Mr. Bill Loring and Dr. Bill Spurgeon, Department of Information Technology, Western Nebraska Community College
Microcontrollers for Educators
Bill Loring and Bill Spurgeon from Western Nebraska Community College attended a week long training at Sparkfun Electronics, MicroControllers for Educators July 17 – July 21 2017. This five-day class was designed to give teachers and educators (middle school through higher ed) a foundation in electronics, programming, computer science and “Making” for their classrooms. They introduced the basics of circuits, electricity, engineering and computing using Arduino. The course focused on both the technical aspects as well as the pedagogy, activities, pacing and strategies for implementing a project-based STEM classroom. They participated in a Hack-A-Thon team which won first place with an “Intelligent” coaster.

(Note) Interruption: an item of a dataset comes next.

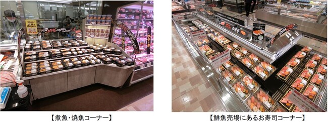 鮮魚・精肉部門の素材を使ったミールキットを新たに品揃し、鮮魚売場では、ヘルシーなお総菜が並ぶ煮魚・焼魚コーナーに加え、お寿司コーナーを充実させました。生魚を使用したおつまみの商品を新規に品揃えし、鮮度の良い商品を豊富に揃えています。以前と同様に、お魚キッチンコーナーではお客様のご要望に合わせた調理を承ります。

The training they received will be used to:
Improve the support and mentoring for NASA fellowship projects
Improve programming assignments for Intro to Robotics
Vary the projects for Intro to Engineering
Dr. George Gogos, Professor of Mechanical and Materials Engineering, University of Nebraska-Lincoln
Experimental Study of Secondary Pool Boiling Effects
Heat transfer plays a vital role in all space exploration aspects. Due to the vacuum nature of space, it is very difficult to dissipate heat. Thus, heat generation from vital components must be very limited due to inefficiencies in transferring or dissipating that energy. Liquid cooling is a very popular method for heat removal and transfer used in many NASA systems. This project will study a new phenomenon, coined “Secondary Boiling Effects,” seen in pool boiling of water on specialized heat transfer surfaces. These specialized surfaces exhibit both micro- and nanoscale features and are obtained using femtosecond laser direct writing on metallic substrates. The self-ordered complexity of these surfaces is beneficial for exploiting the mechanisms associated with pool boiling. This manifests itself in the observed heat transfer performance which shows a smaller-than-normal operating temperature for a given heat flux. The degree of secondary boiling effects is highly dependent on the base material thermal conductivity, micro- and nanostructure, and size of available nucleation sites. This research could significantly impact the various heat transfer and storage components used for space exploration. Because, heat transfer is such a vital aspect in component design, any way to increase efficiency will result in a lighter, more compact, and potentially cheaper component.